***** PROVIDED RECORDS

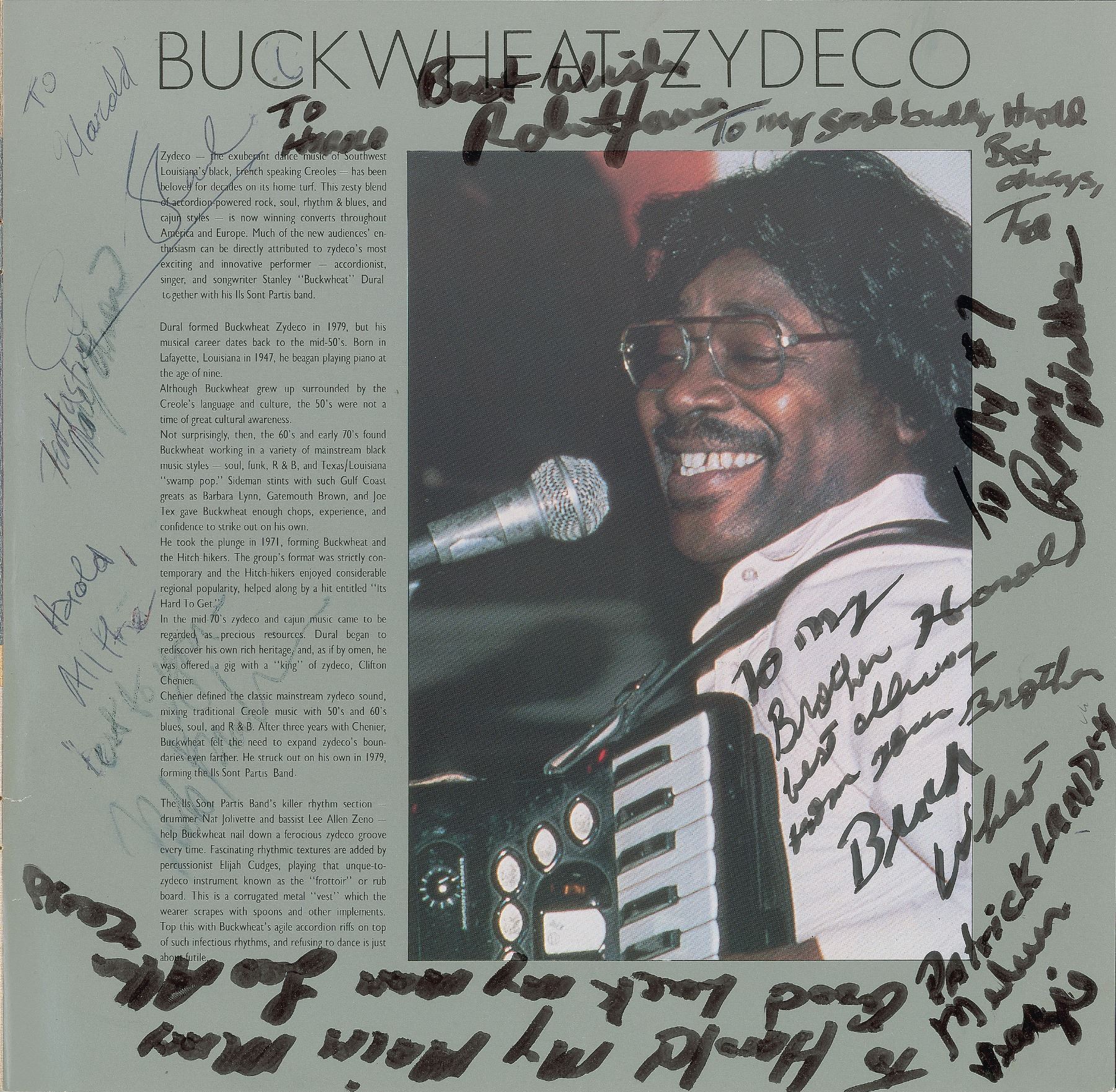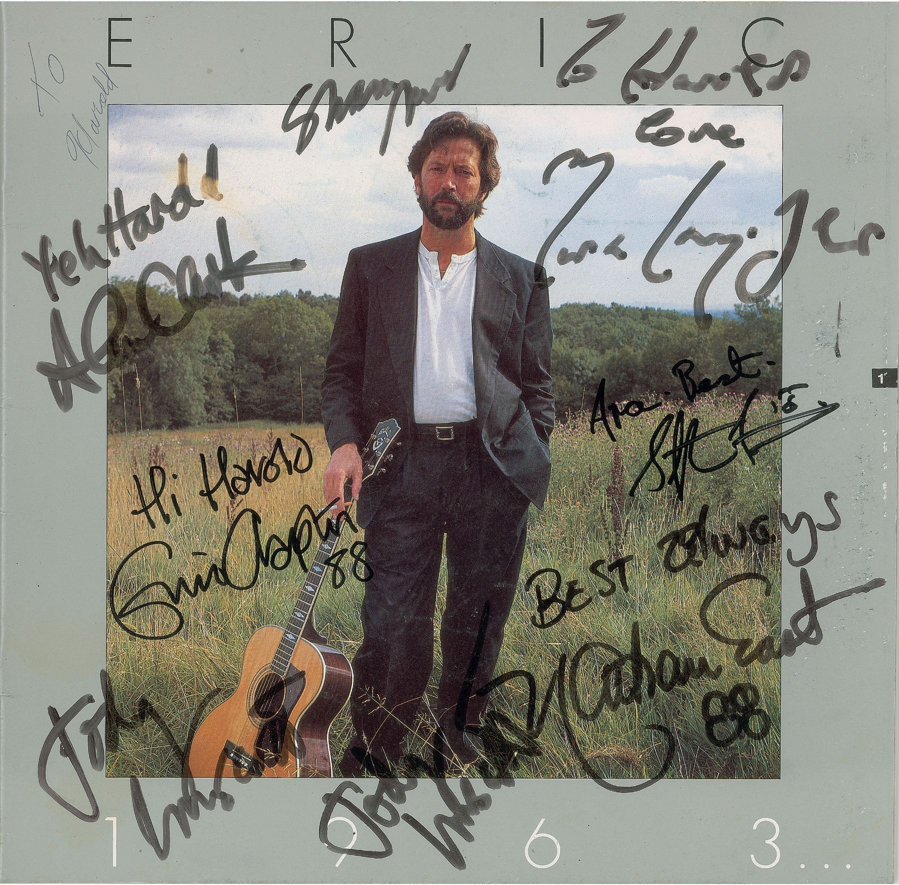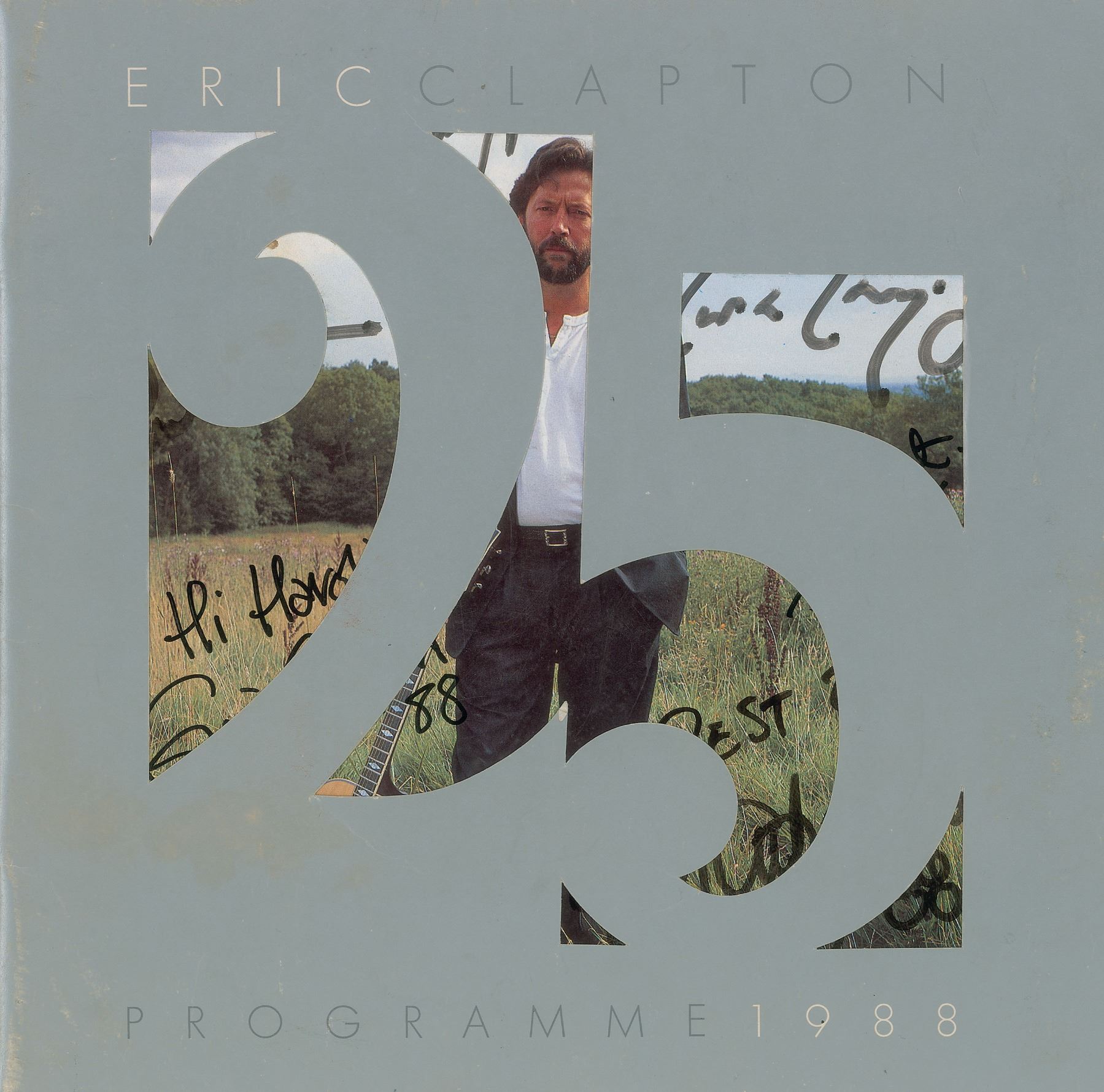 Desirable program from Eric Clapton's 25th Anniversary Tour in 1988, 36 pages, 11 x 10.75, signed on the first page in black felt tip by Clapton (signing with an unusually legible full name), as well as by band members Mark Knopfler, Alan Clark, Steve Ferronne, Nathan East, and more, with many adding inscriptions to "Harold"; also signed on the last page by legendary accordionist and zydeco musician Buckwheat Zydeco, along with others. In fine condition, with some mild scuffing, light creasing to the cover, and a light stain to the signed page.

**********
***** PROVIDED RECORDS

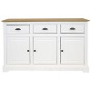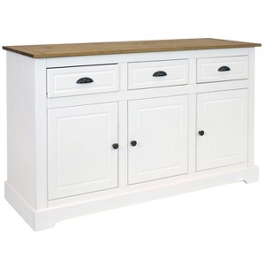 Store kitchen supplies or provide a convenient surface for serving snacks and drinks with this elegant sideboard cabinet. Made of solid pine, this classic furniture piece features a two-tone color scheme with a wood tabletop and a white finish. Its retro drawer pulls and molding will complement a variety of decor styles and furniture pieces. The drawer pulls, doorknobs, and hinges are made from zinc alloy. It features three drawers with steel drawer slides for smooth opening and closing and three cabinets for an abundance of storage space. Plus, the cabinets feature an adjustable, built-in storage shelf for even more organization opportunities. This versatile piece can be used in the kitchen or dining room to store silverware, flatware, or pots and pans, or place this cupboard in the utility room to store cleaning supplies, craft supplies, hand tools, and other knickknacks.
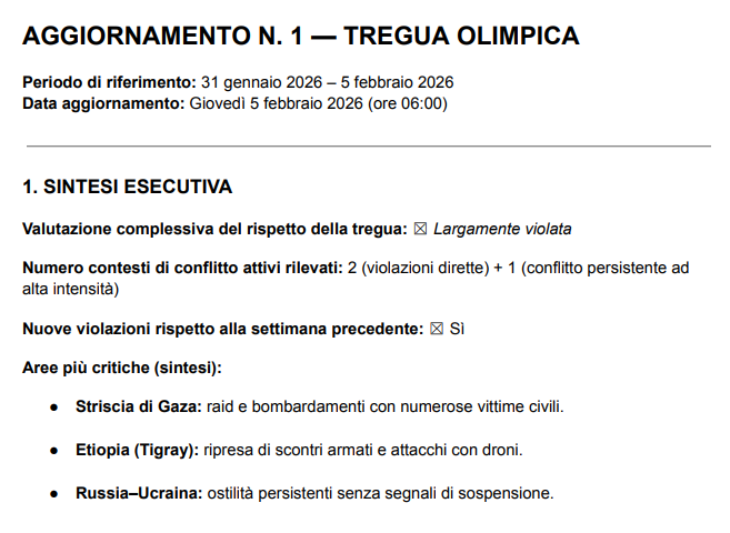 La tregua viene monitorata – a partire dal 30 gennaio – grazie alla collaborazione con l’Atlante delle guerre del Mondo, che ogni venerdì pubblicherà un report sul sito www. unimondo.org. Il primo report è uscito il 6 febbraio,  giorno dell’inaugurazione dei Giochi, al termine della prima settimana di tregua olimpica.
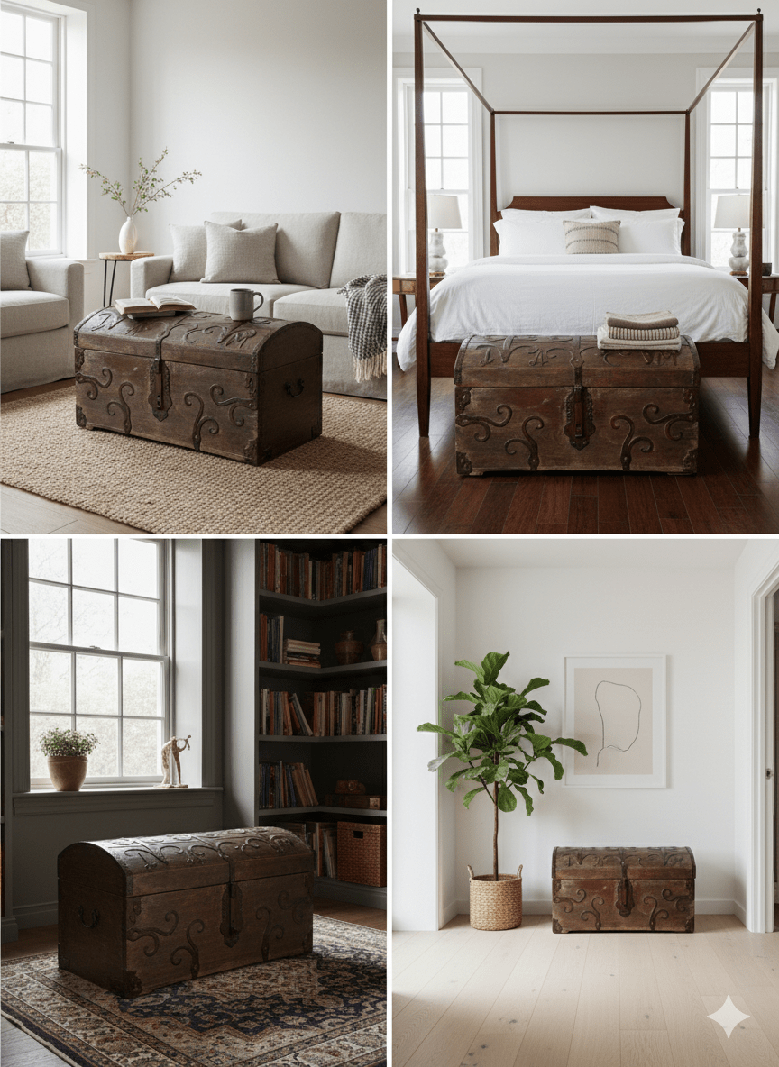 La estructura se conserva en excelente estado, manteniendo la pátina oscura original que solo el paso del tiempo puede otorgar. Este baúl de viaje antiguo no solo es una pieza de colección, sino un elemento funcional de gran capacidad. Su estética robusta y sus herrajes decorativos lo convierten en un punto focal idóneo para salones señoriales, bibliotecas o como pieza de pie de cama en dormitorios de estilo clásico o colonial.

**********

**ACTION ITEM**
Look above for the line with "La tregua viene" and the line with "La estructura se", then restate exactly those two lines and all lines between them, with no pictures.

**PROBLEM SOLUTION**
 La tregua viene monitorata – a partire dal 30 gennaio – grazie alla collaborazione con l’Atlante delle guerre del Mondo, che ogni venerdì pubblicherà un report sul sito www. unimondo.org. Il primo report è uscito il 6 febbraio,  giorno dell’inaugurazione dei Giochi, al termine della prima settimana di tregua olimpica.
 La estructura se conserva en excelente estado, manteniendo la pátina oscura original que solo el paso del tiempo puede otorgar. Este baúl de viaje antiguo no solo es una pieza de colección, sino un elemento funcional de gran capacidad. Su estética robusta y sus herrajes decorativos lo convierten en un punto focal idóneo para salones señoriales, bibliotecas o como pieza de pie de cama en dormitorios de estilo clásico o colonial.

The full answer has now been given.